Herido en su amor propio, Gordon aspira un poco más fuerte los efluvios que emanan de las manos de su abuelo. Oye su voz grave danzando en la brisa.
—El olor de los ríos es la suma de todos los aromas que el agua va recogiendo mientras recorre los lugares por los que el río pasa. Todas las orillas, todos los afluentes, todas las ciudades y las carreteras. Eso es lo que debes oler antes de beber, Gordie. Si no, es como si bebieras orina. Pero date prisa, porque los olores se desvanecen y el agua muere si la mantenemos demasiado tiempo entre los dedos.

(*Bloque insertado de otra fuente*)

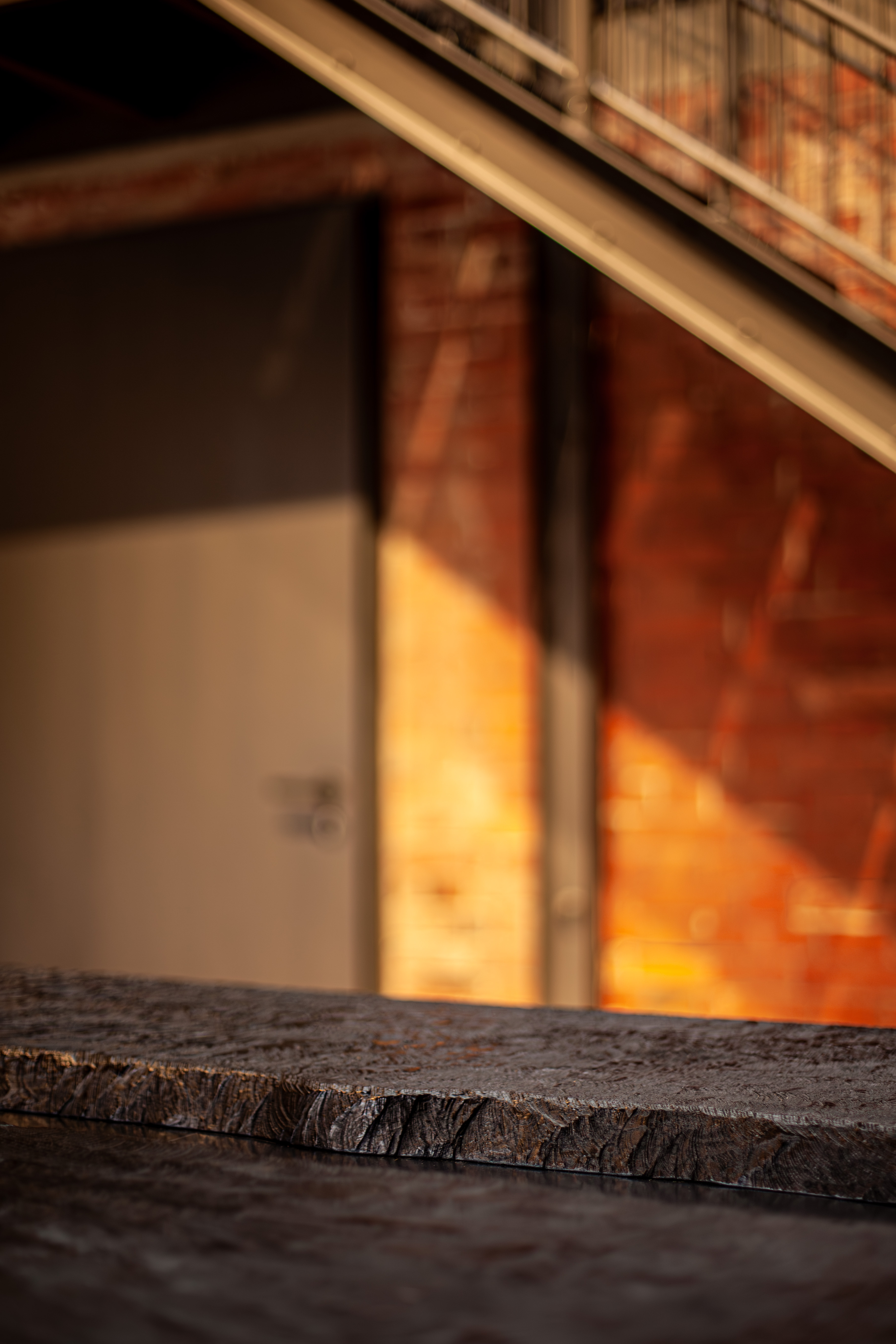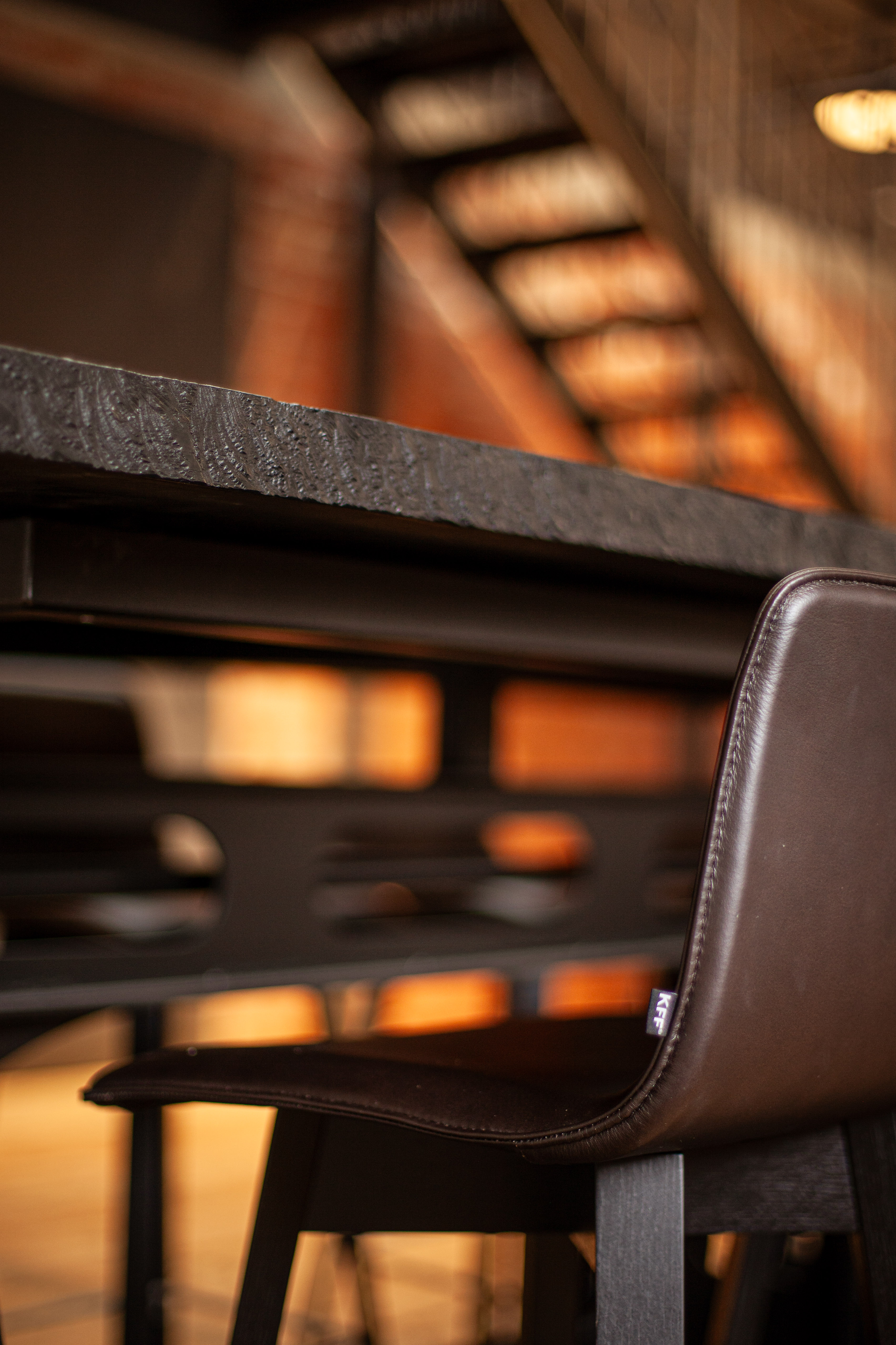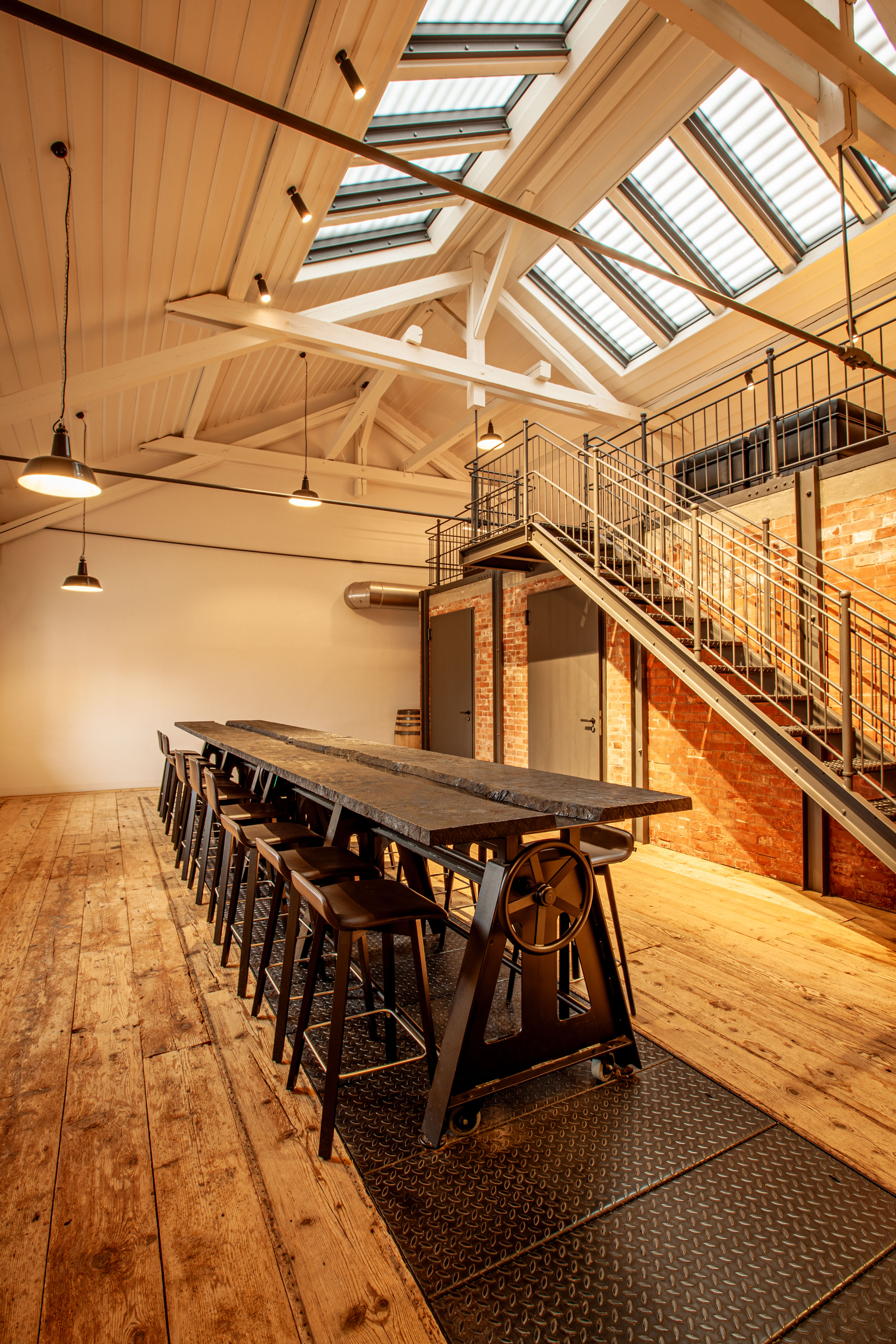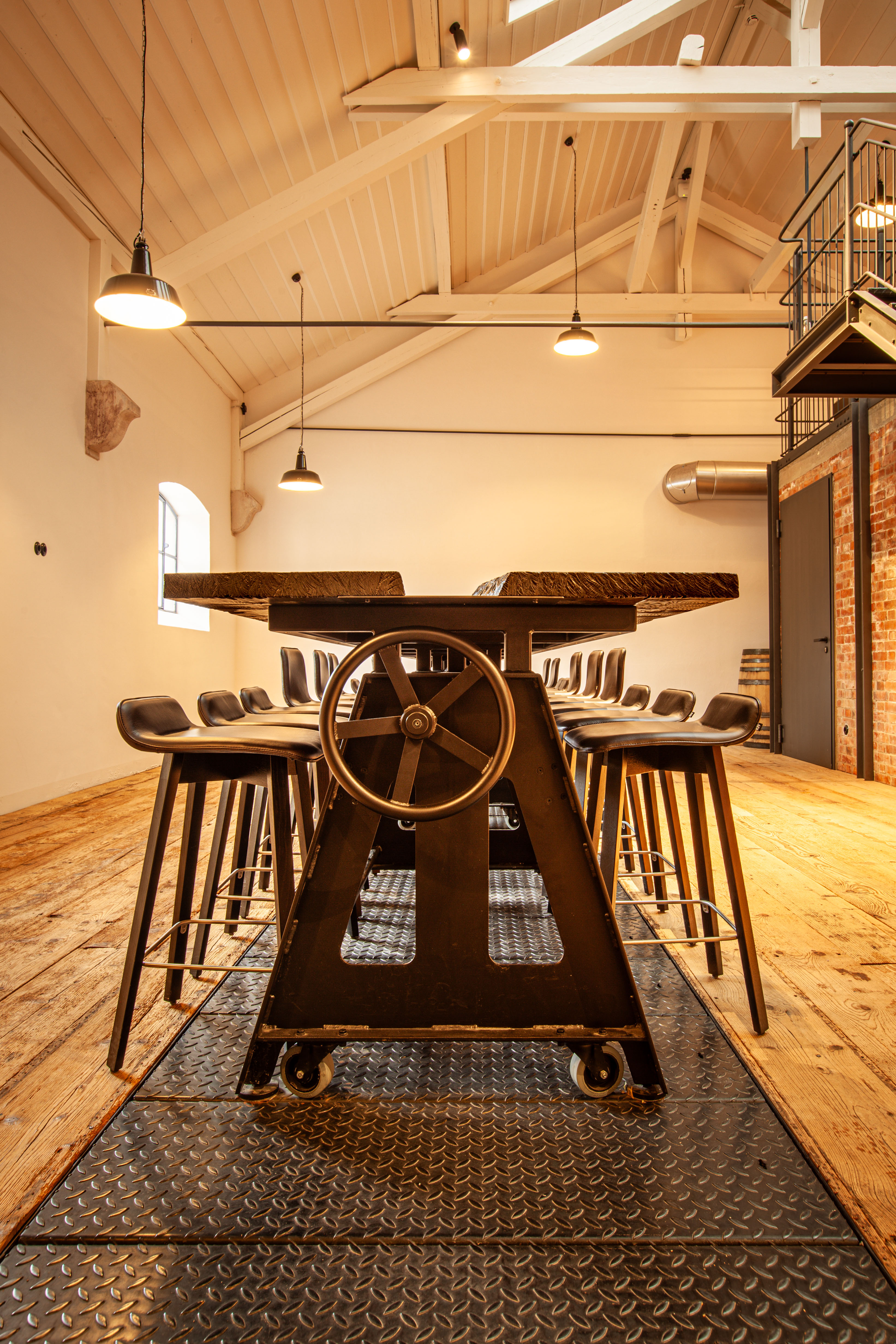 Der über 12 Meter lange Verkostungstisch ist ein Unikat aus konstruktiver Expertise und handwerklicher Leidenschaft. Veranstaltungsbedingt lässt sich der Tisch zweiteilen und anschließend über einen verdeckten Anhebemechnismus mit ausfahrbaren Rollen frei im Raum platzieren. Die massiven handgehobelten Eichenbohlen fassen mittig ein tiefliegendes patiniertes Zunderblech zur besonderen Warenpräsentation und die farblich passenden halbhohen Barhocker in Nappaleder bezeugen, Teil eines besonderen Erlebnisses zu sein.
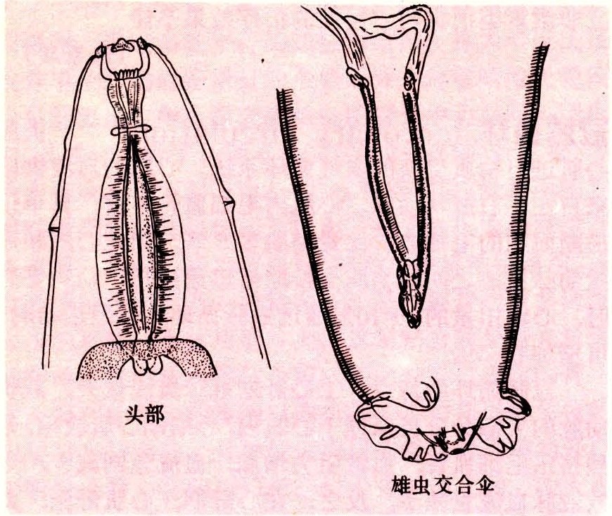 有齿冠尾线虫(Stephanurus dentatus Diesing,1839),属圆线目、冠尾科、冠尾属。虫体粗壮,似火柴杆大小。新鲜时呈灰褐色,体壁透明。口囊呈杯状,壁厚,底部有6~10个小齿。口缘有一圈细小的叶冠和6个角质隆起。雄虫长21~33毫米,交合伞小。交合刺2根,等长或近似等长(图)。雌虫长24~52毫米,阴门靠近肛门。卵呈长椭圆形,较大,灰白色,两端钝圆,卵壳薄。刚排出的虫卵含胚细胞32~64个,大小为(99.8~120.8)×(56~63)微米。

Gordon cierra los ojos e inspira con todas sus fuerzas. Huele a tierra, a piedras calientes, a algas y a limo. Poco a poco, los olores del río que sus fosas nasales descomponen se transforman en imágenes de otros lugares que ha atravesado antes de llegar allí. Orillas arboladas que despiden fragancias a anís y a piñón, campos que huelen a trigo y a maíz, orillas bordeadas de autopistas que apestan a asfalto y a vapores de gasóleo. Una orilla brumosa e inaccesible se dibuja en un brazo muerto del río. En ese olor es de noche. La luna brilla. Gordon vislumbra una maraña de ramas y de raíces que se amontonan en la orilla. Huele a musgo y a algas podridas, pero otro olor flota en la superficie de esa imagen, un olor metálico que Gordon no consigue precisar. Sin embargo, conoce su sabor. Un gusto a carne y a clavo viejo y oxidado.
Gordon nota los dedos rasposos de su abuelo contra sus labios. El agua del río entra en su boca. Traga uno tras otro los olores y las imágenes. Hace una mueca al notar que el lejano gusto del gasóleo invade sus fosas nasales. A continuación llega el olor metálico y por fin lo reconoce. Lo ha tenido en la boca cada vez que se ha cortado con una navaja, cada vez que se ha chupado el dedo para lavar la herida con saliva. El gusto de la sangre. Entonces, en la imagen de esa orilla brumosa que acompaña a ese olor, Gordon ve un cuerpo atrapado en la maraña de ramas secas. Es el de una niña con la carne negra y descompuesta que flota entre dos aguas. Es ahí donde ha escondido su cadáver el que la ha matado cuando iba camino del colegio.
La niña mira a Gordon con ojos vidriosos. Sus dedos blandos como algas parecen indicarle que vaya con ella. Gordon deja escapar un grito de espanto. Nota a lo lejos los brazos nudosos de su abuelo zarandeándolo. Abre los ojos. El zumbido de los insectos. La orilla. Los reflejos del sol en la superficie ondulada del río. El cadáver de la niña ha desaparecido.
Con las mejillas bañadas en lágrimas, Walls continúa rozando la estela al fondo de la gruta llena de flores. Recuerda que, al oírlo gritar, su abuelo probó el agua y se quedó pálido. Después de consolarlo, cogió la caña y paseó de nuevo la mosca por encima del río. Permanecieron un largo rato en silencio y las lágrimas del niño acabaron secándose. Sin apartar los ojos del río, el anciano dijo:
—Perdona, Gordon. No sabía que había sangre en esta agua.
—¿Esa niña está muerta?
—Desde luego que está muerta. Pero es posible que sucediera hace años. El agua de los ríos se acuerda durante mucho tiempo de esas cosas. También forman parte de los olores que transporta. Son los recuerdos del río. ¿Crees que podrás guardar todo esto en un rincón de la cabeza, Gordie?